— Проклятая судьба принесла его сюда теперь, когда все мои войска далеко, а у меня осталось слишком мало сил, чтобы усмирить его, если он начнет мне докучать. Пусть один из твоих сыновей, о Корунд, садится в седло и скачет на юг в Зорн и Пермио, где соберет несколько десятков солдат из пастухов и крестьян так быстро, как только сможет. Это приказ.
Ла Файриз и его воины обменялись с хозяевами приветствиями, дань была уплачена, и для них были выделены спальные покои, а день уже клонился к вечеру. И все собрались в юго-восточном крыле дворца в огромном пиршественном зале, построенном Горайсом XI, когда тот взошел на престол; и далеко он превосходил своими роскошью и величием старый зал, где томились в заточении лорд Юсс и лорд Брандох Даэй. Было в нем семь равновеликих стен из темно-зеленой яшмы с кроваво-красными крапинами. В каждом из семи углов стояла кариатида из массивной глыбы черного змеевика в виде трехглавого великана, склонявшегося под весом чудовищного краба, высеченного из того же камня. Могучие клешни этих семи крабов поддерживали свод крыши, отполированный и покрытый выполненными в темных и дымчатых тонах, под стать мрачному великолепию этого зала, изображениями битв, охоты и поединков. Под окнами на стенах поблескивало охотничье и военное оружие; на двух же глухих стенах были прибиты черепа и кости всех тех воинов, что боролись в свое время с королем Горайсом XI, прежде чем тот в недобрый час ответил на вызов Голдри Блусско. В углу напротив двери стоял длинный стол, а за ним резная скамья; вдоль стен были поставлены два еще более длинных стола со скамьями возле них, доходившие почти до дверей и образовывавшие с первым столом прямоугольник. У центра стола, что справа от дверей, стоял трон из старого кипарисового дерева, большой и красивый, с расшитыми золотом подушками из черного бархата. У стола напротив стоял другой трон, пониже, и подушки на нем были расшиты серебром. В пространстве между столами стояли в ряд пять тяжелых железных жаровен с ножками в форме орлиных когтей, а за скамьями по обе стороны — девять больших подставок для факелов, дабы освещать зал с приходом ночи; еще семь были помещены вровень со стенами и на равных расстояниях друг от друга за поперечной скамьей. Пол был вымощен сливочно-белым стеатитом с сочными коричневыми и черными прожилками и вкраплениями пурпурного и алого. Покоившиеся на огромных козлах столы были вытесаны из тусклого полированного камня, усыпанного крохотными, будто атомы, золотыми искрами.

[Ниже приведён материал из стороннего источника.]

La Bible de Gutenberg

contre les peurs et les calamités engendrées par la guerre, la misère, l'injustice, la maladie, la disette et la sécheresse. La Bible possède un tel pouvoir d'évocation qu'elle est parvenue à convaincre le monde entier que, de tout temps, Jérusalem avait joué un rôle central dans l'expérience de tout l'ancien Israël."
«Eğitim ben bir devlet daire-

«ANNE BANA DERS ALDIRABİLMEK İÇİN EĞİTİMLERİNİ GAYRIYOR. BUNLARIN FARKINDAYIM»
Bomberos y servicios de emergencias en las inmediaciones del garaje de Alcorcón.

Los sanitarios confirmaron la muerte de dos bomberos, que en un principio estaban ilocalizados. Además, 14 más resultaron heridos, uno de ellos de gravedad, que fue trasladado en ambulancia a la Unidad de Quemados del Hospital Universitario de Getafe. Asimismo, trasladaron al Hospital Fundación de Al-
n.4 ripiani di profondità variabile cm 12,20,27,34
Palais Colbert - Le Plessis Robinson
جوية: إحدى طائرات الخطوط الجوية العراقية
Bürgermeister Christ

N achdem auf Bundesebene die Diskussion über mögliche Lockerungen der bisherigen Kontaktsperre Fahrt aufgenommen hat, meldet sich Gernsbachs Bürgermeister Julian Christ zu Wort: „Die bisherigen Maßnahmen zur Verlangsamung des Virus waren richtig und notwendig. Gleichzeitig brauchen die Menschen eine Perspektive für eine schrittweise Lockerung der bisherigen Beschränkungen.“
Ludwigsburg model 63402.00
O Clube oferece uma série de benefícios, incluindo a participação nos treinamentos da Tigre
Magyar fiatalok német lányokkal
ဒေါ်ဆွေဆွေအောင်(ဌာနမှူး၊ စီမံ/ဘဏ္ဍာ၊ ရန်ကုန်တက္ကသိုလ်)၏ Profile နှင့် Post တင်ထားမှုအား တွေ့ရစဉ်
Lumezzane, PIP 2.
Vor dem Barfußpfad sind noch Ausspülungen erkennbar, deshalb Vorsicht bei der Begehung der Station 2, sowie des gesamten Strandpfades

Женщины сидели на поперечной скамье; в самом центре восседала леди Презмира, превосходившая остальных красотой и величием, как Венера превосходит меньшие планеты ночного небосвода. Зенамбрия, жена герцога Корса, сидела по левую руку от нее, а по правую — Шрива, дочь Корса, необычайно миловидная для такого отца. На скамье повыше, что направо от дверей, по обе стороны от трона короля сидели лорды Витчланда, облаченные в парадные одеяния, а пиксиландцы расположились напротив них на скамье пониже. Трон для Ла Файриза был помещен отдельно у низкой скамьи. На столах были расставлены огромные тарелки и блюда из золота, серебра и расписного фарфора, полные деликатесов. Арфы и волынки заиграли оглушительную музыку, и гости поднялись на ноги, а сверкающие двери отворились, и король Горайс, сопровождаемый своим гостем, принцем, вступил в зал.

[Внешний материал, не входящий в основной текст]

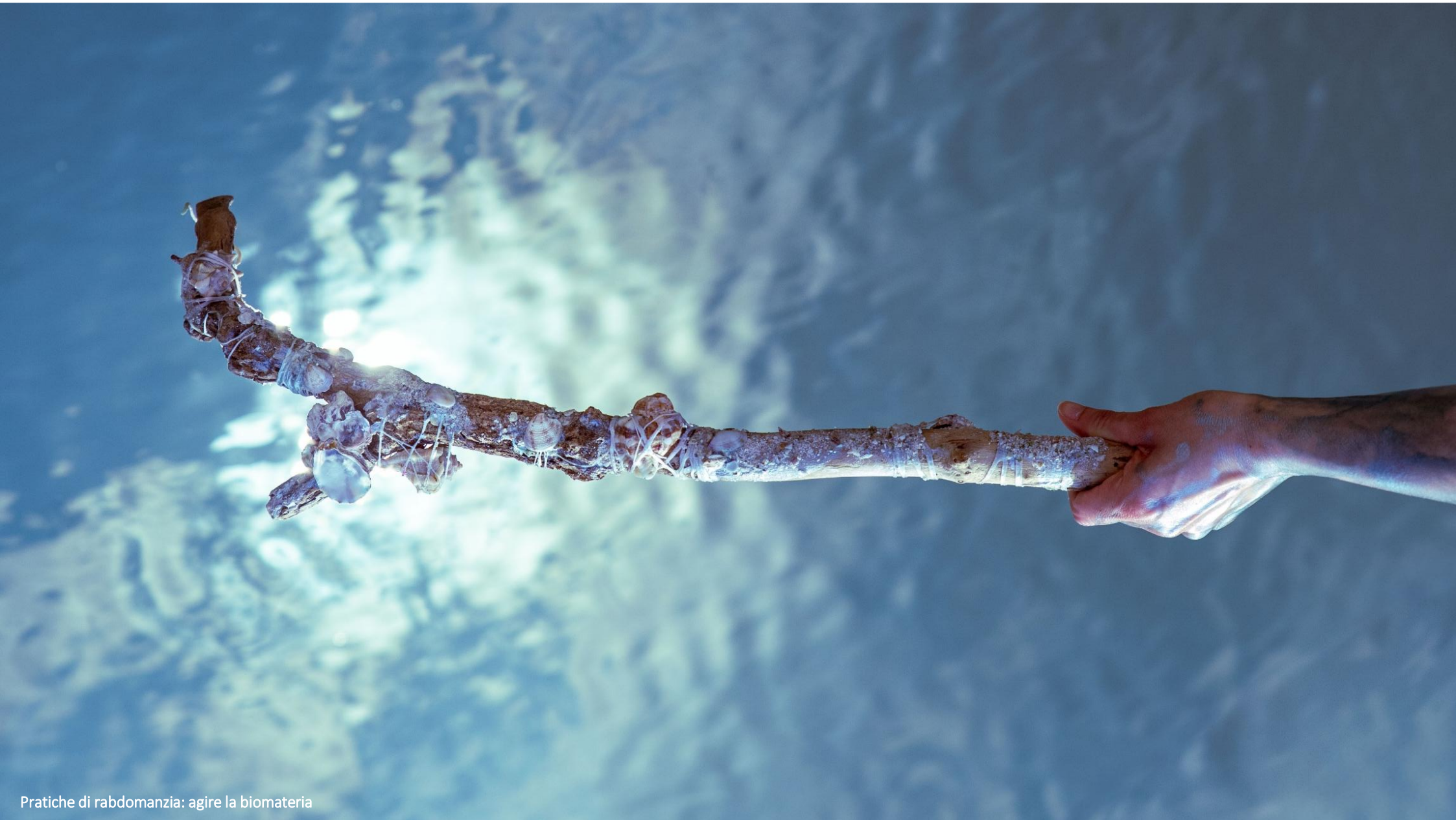
Pratiche di raddomanzia: agire la biomateria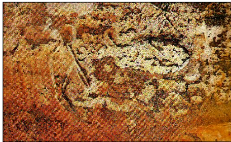
รูปภาพคนกับหมา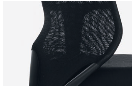
Der flexible Rückenrahmen bietet Bewegungsfreiheit.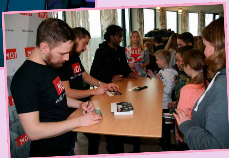
Etter konserten var det autografskriving og bildeknipsing.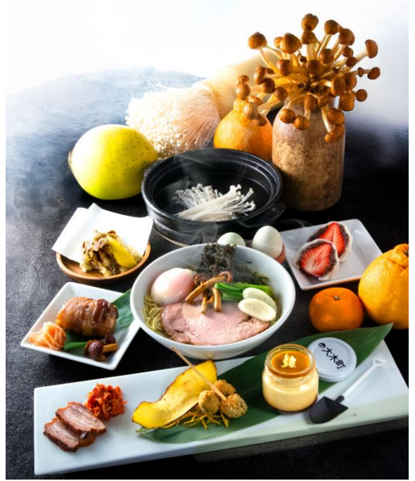
コース内容 イメージ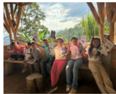
27 diciembre, 2024 Elegidos los mejores Proyectos Ciudadanos de Educación Ambiental 2024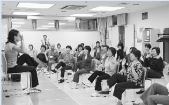
▲いすを使った軽体操で体をリフレッシュ

区民一人ひとりが健康の大切さについての理解を深め、それぞれに合った健康づくりに取り組むこと目的に手稲区が主催しました。

В своем величии король шествовал, будто черный орел, окидывающий взором землю с высокой горы. Воротник, рукава и подол его кольчуги из черного металла были окаймлены тусклыми золотыми пластинами, усыпанными гиацинтами и черными опалами. Его черные рейтузы были подвязаны отделанными алмазами полосами тюленьей кожи. На большом пальце его левой руки сверкал массивный золотой перстень, изображавший пожирающего собственный хвост червя Уробороса; голова червя была сделана из рубина персикового цвета величиной с воробьиное яйцо. Его мантия была соткана из кожи черных кобр, сшитых вместе золотой нитью; подкладка же была из усыпанного золотой пылью черного шелка. На его челе тяжело возлежала железная корона Витчланда, клешни крабов на ней тянулись вверх, словно рога, а самоцветы сияли всеми цветами радуги, как лучи Сириуса морозной и ветреной святочной ночью.

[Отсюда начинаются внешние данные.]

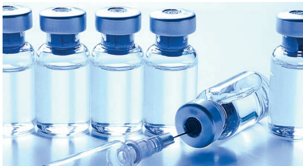
Удельный вес привитых от гриппа в общем количестве заболевших не превышает 8 процентов.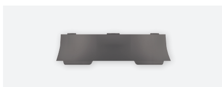
FRAME 110B GR 9070919, boîtier pour montage apparent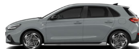
Shadow Grey nur für N Line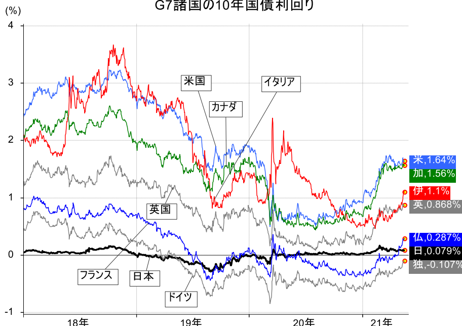
G7諸国の10年国債利回り

作成: 岡三証券 2018年年初～2021年5月18日(値が無い場合は直近値)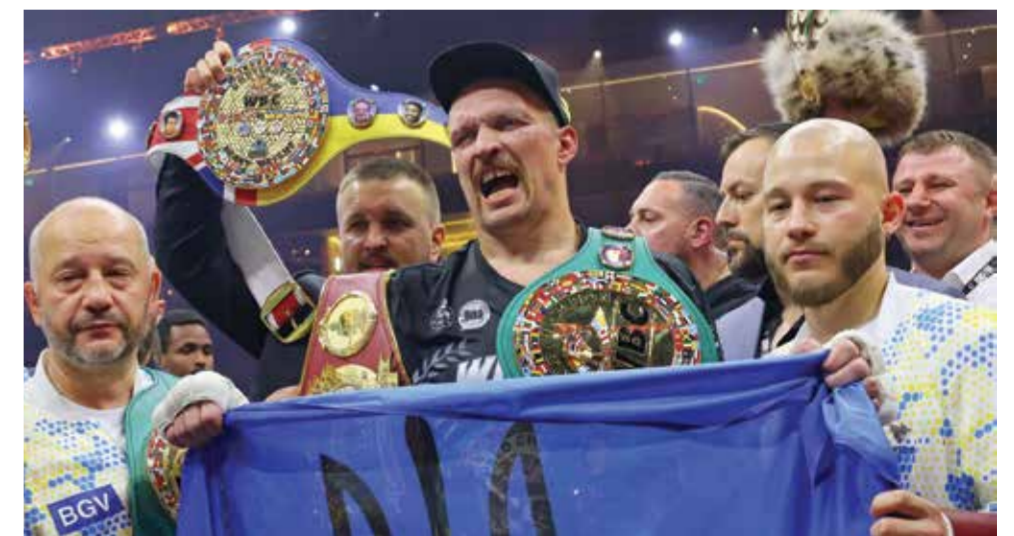
○ أوسيك يفوز بأول لقب عالمي. (أ ف ب)

وحسب الصور التي نشرها مساء السبت على مواقع التواصل الاجتماعي، ظهر سينر (٢٢ عاماً) وهو يحمل ترابلي في موناكو، حيث بقيم. ولم يكتب الإيطالي رسالة بل أرفق صورته بأربعة رموز تعبيرية، من بينها ساعة رملية والعلم الفرنسي، في إشارة من دون أدنى شك إلى سباقه مع الزمن للاستعداد لبطولة رولان غاروس (٢٦ مايو-٩ يونيو). وعندما أعلن رسمياً عدم مشاركته في دورة روما عقب انسحابه للإصابة في مدريد قبل مباراة ربع النهائي، أوضح سينر أنه سيعين عليه أخذ

Принц Ла Файриз шел в мантии из тонкого черного шелка, украшенной золотыми блестками, а рубаха под ней была из дорогого узорчатого шелка, выкрашенного в пурпурный оттенок цветков сон-травы. Золотой венец на его голове украшали два инкрустированных самоцветами и финифтью и покрытых драгоценными металлами крыла из медных пластин изысканной чеканки в форме крыльев олеандрового бражника. Он был плотен, силен и крепко сложен, хотя и несколько ниже среднего роста, с кудрявыми рыжими волосами, широким и румяным гладко выбритым лицом и высоким носом с широкими ноздрями, а его глаза под кустистыми рыжими бровями, того же цвета морской волны и столь же жгучие, как у его сестры, сверкали, подобно львиным.
Когда король сел на свой трон, Корунд и Кориний — на места по левую и правую руку от него, пожалованные им в честь их великих ратных подвигов, а Ла Файриз — на трон у низкой скамьи напротив короля, вокруг столов засуетились рабы, расставляя блюда с маринованными угрями и устрицами в раковинах, трубачами[48], улитками и сердцевидками[49], поджаренными на оливковом масле и плавающими в красном или белом гипокрасе. И пирующие не замедлили наброситься на эти лакомства, в то время как виночерпий подносил к каждому громадную чашу чеканного золота, наполненную игристым вином цвета желтого яхонта, с шестью золотыми ковшами, чьи рукоятки покоились в шести углублениях в форме полумесяцев, вырезанных по краю этой огромной чаши. Каждому гостю надлежало, когда чаша подносилась к нему, наполнить ковшом свой кубок и выпить во славу Витчланда и его правителей.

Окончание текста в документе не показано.